What the Obama administration is trying to do is head off a populist firestorm caused -- in its entirety, 100% -- by the incompetence and sheer, bloody-minded stupidity of the great captains of industry. How in God's name can anyone be expected to justify billionaires getting trillion dollars bailouts while paying themselves millions in taxpayer money? Of course there's rage. It's kind of off the topic, hysterical and overblown, but it's also inevitable.

But Rick, it's been coming for a long, long time. We've smiled benignly at a corporate culture which holds that profits derived from firing workers should be translated into bonuses for the executives who did the firing. How did you think that was going to end up? Didn't you think there might be some pushback at some point? A touch of moderation on the part of corporate greedheads, and a sense of basic decency, would in turn have moderated the pushback but we don't demand moderation or decency, we praise greed and giggle at excess.

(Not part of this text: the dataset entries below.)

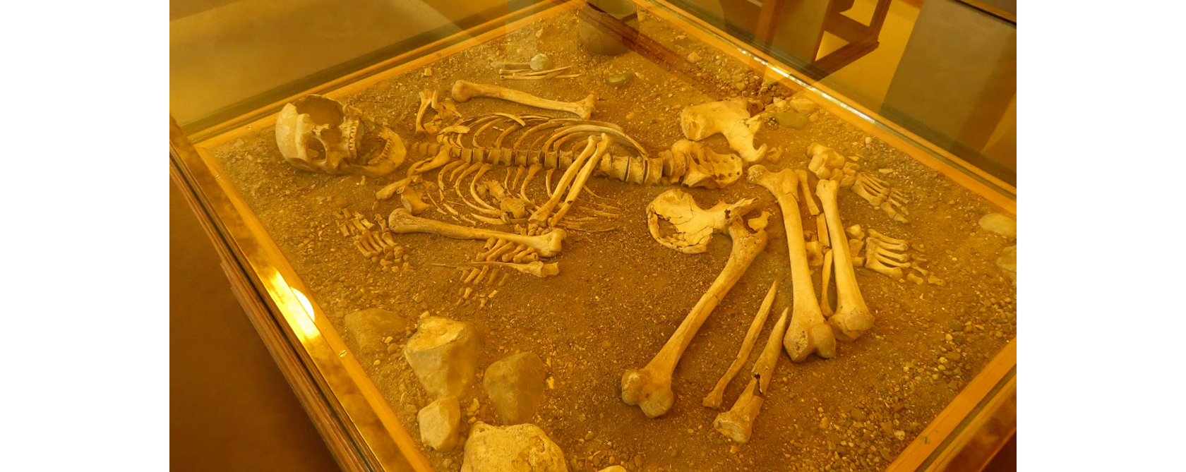 Notera den mänskliga skallen till vänster på bilden med ett hål i hjässan, olycka, strid eller kanske till och med operation då kanterna ser ut att ha påbörjat en läkningsprocess, det vill säga, personen har levt relativt länge efter att ”hålet” blev till.
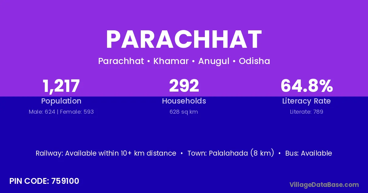 Parachhat village has a total population of 1,217 people, of which 624 are males and 593 are females.
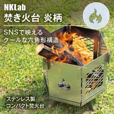組み立て簡単 炎が映えるステンレス製コンパクト収納焚き火台 <炎>【1417454】
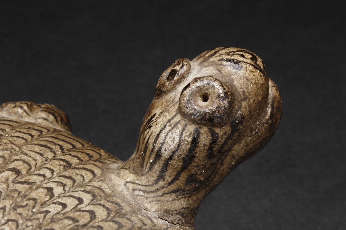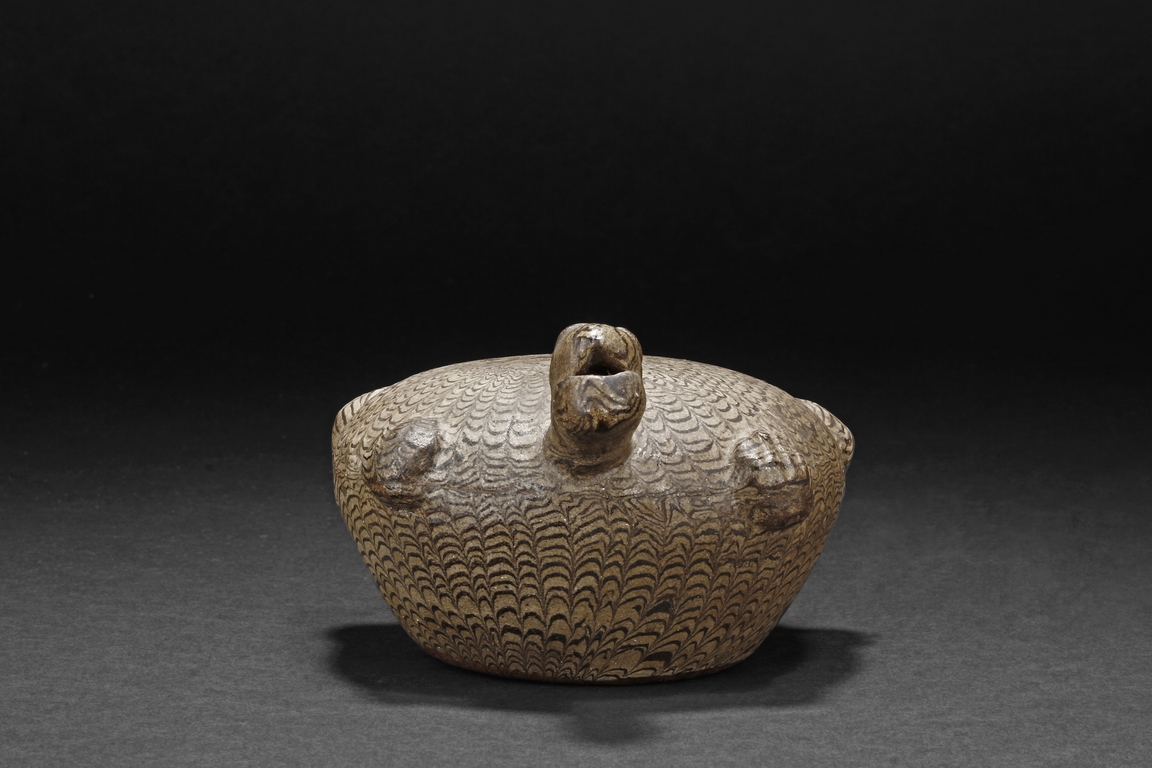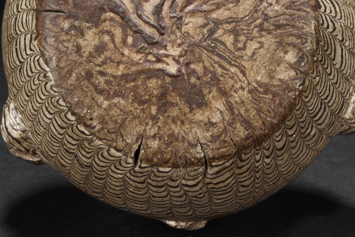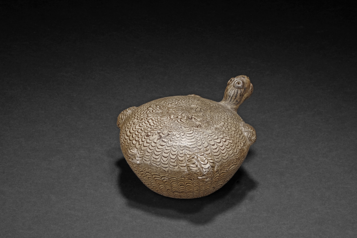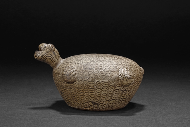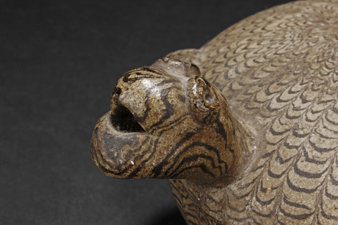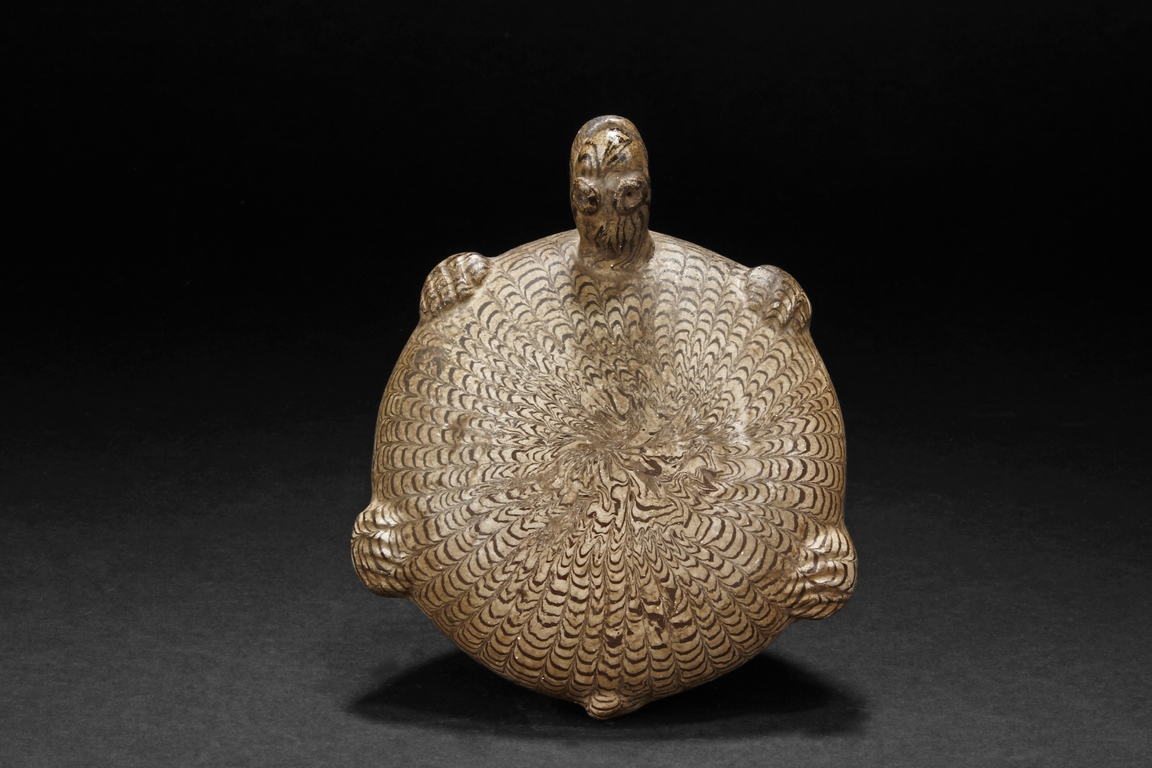 The porcelain water drip in the form of a turtle, the body and shell of water drip patterns, the four short legs extending out from the sides, with the head raised high and open mouth. Ming dynasty period.
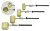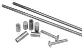 Inserts for making glass knobs for cupboard doors, drawers, boxes and bottle stoppers using #8-32 screw threads. These ¼" (6.35mm) outside diameter, steel inserts come in two lengths. ¾" (19mm) length and ½" (12.7mm) length. Inserts have a hole in only one end and are threaded to accept the included, standard 1" (25.4mm) long, #8-32 screw. Simply screw an insert onto the 12" (30cm) long stainless steel Insert Mandrel and apply molten glass to the insert. After you have made your beautiful knob or stopper, anneal it well. Also available here are 2.5mm threaded Insert Mandrels for 2.5mm threaded jewelry inserts. The overall length is 8". Inserts are not available from us at this time. |
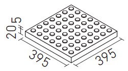 | 400mm角視覚障がい者用(誘導表示型)注文生産品 | MTP-400EX20/U-CYJ | 400×400 | 395×395 | 20.0+5.0 | 2.5枚/m | (3.0)枚/ケース・(21.4)kg | 11,800円/枚 [11,800円/枚] | ![]() |
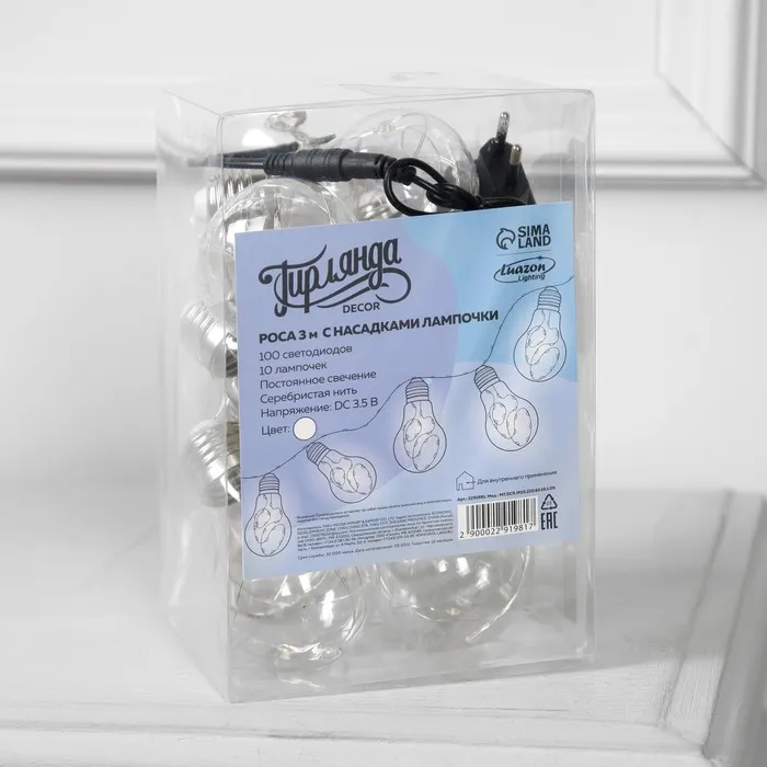 Гирлянда «Нить» 3 м с насадками «Лампочки», IP20, серебристая нить, 100 LED, свечение белое, 3.5 В — Характеристики
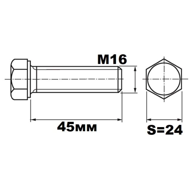 Болт М16х45 DIN933 кл.п. 8.8 оцинкованный SW 24 с шестигранной головкой из нержавеющей стали применяется на промышленных производствах, в строительстве, ремонте грузового транспорта и сельхоз оборудования.
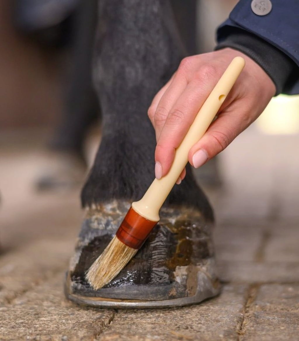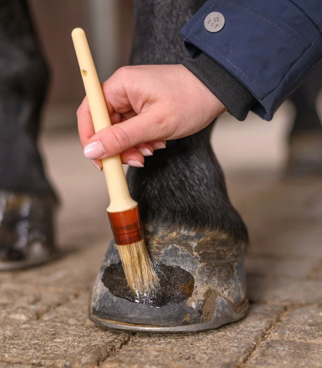 Las cerdas están hechas de cerdas de cerdo suaves y de alta calidad. Esto garantiza una capa uniforme que protege y cuida de forma fiable las pezuñas de tu caballo. ¡Una ayuda indispensable en tu caja de herramientas!
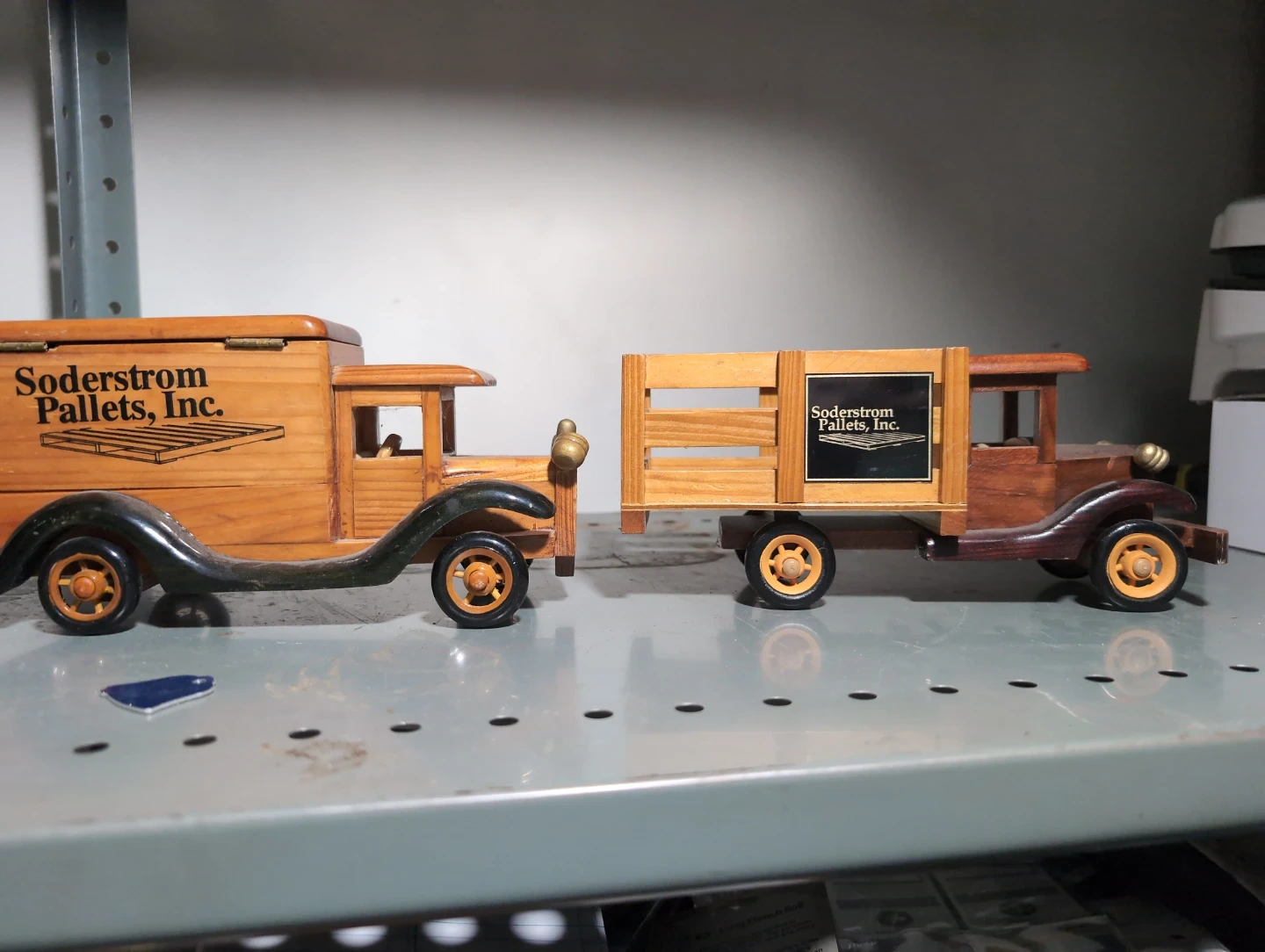 Two wooden toy trucks from Soderstrom Pallets, Inc. One features a closed box truck design and the other has an open flatbed. Crafted from wood with metal accents.
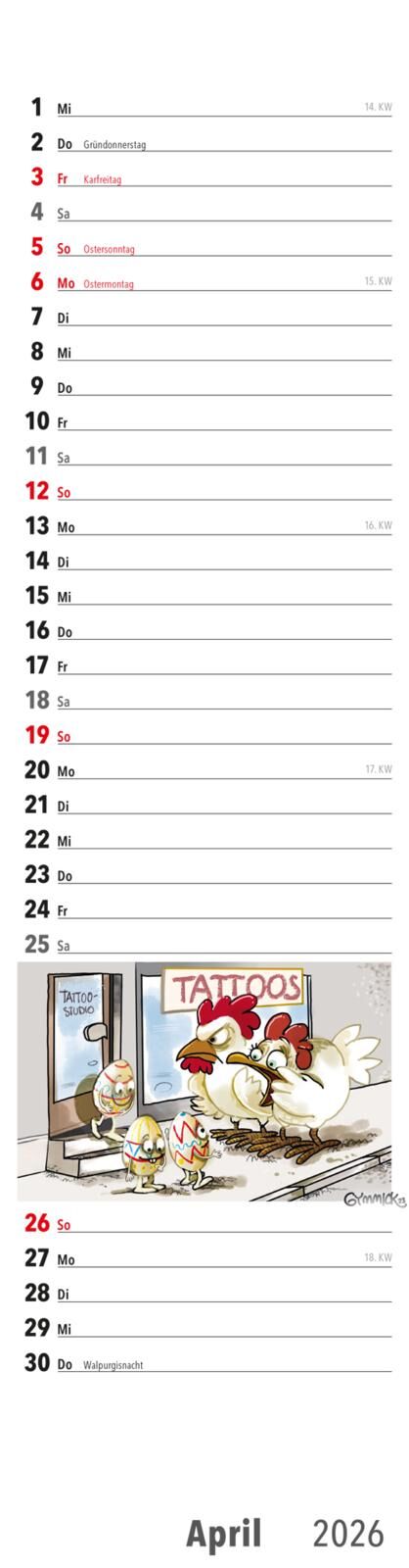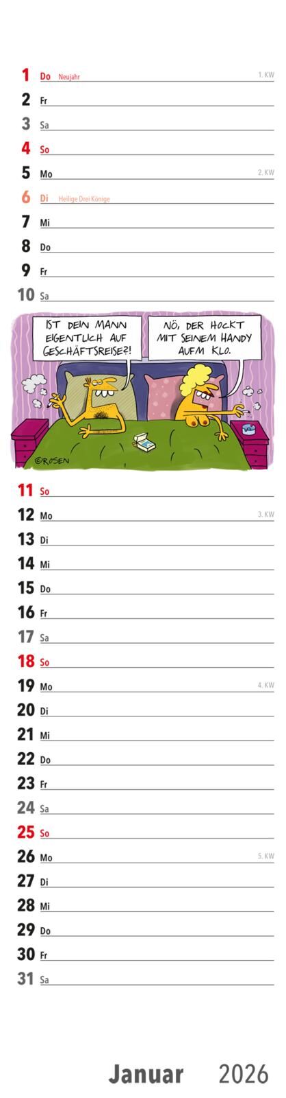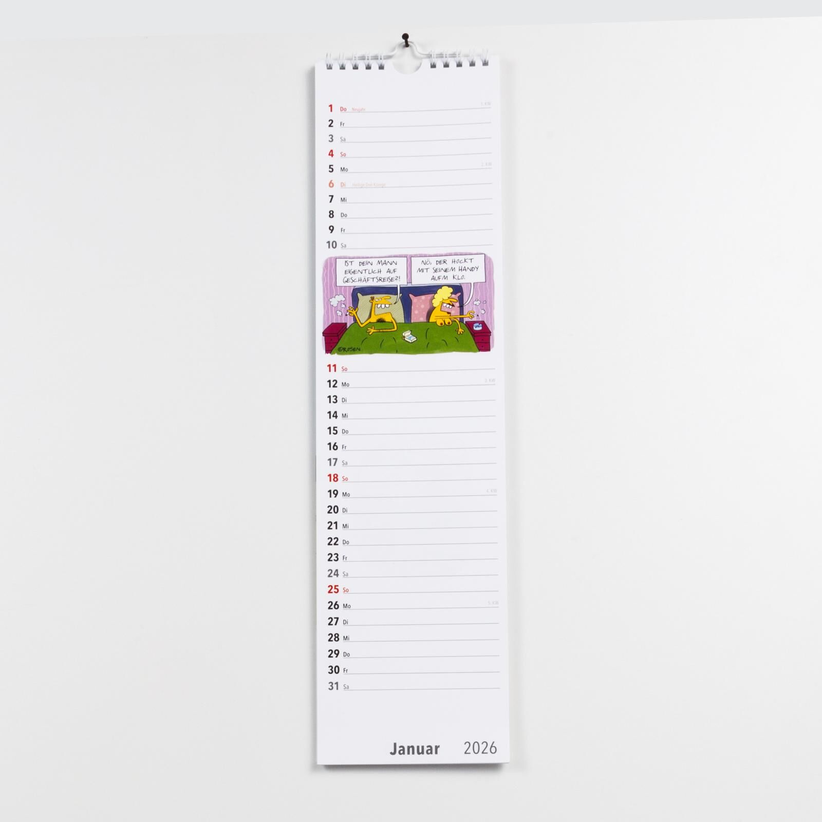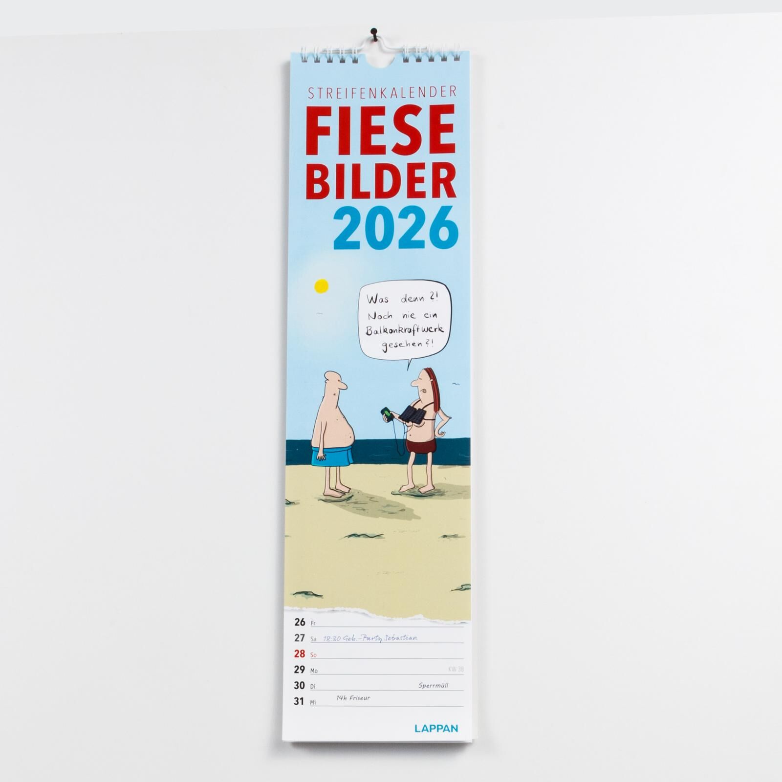 Der Fiese Bilder Streifenkalender 2026! Fiese Bilder ist die Erfolgsmarke für schwarzhumorige Cartoons . Der schmale, praktische Planer für die Wand bietet jeden Monat Platz für Notizen und einen schön fiesen Cartoon. Der Fiese Bilder Streifenkalender 2026 au...

If we need to pump the people's money into the banks to refloat the credit market then we need the people to be on board. Which means diverting their rage so that we can get back to what matters. And that's what Obama is doing. With no help from the jackasses in the big New York skyscrapers or from myopic right wing or left wing pundits.

Comment Posted By michael reynolds On 22.03.2009 @ 12:05

A TEPID BUT REALISTIC DEFENSE OF THE OBAMA ADMINISTRATION IN THE AIG MATTER

Like you I try to judge by long-term results. I think Obama is trying to play the long game, which I think is a good idea. But I'm surprised at how off-balance his message machine has been. Is Axelrod on vacation?

I don't know with Geithner whether what we're seeing is a clumsy sort of wait-and-see, or whether he's just lost. It's almost as if with Bernanke and Geithner and the president there's a sneaking feeling that things will sort themselves out over the next months to a year.

They don't seem as scared as their own rhetoric suggests they should be. I find this interesting.

I'm just not seeing a clear narrative that makes sense to me, not from any side.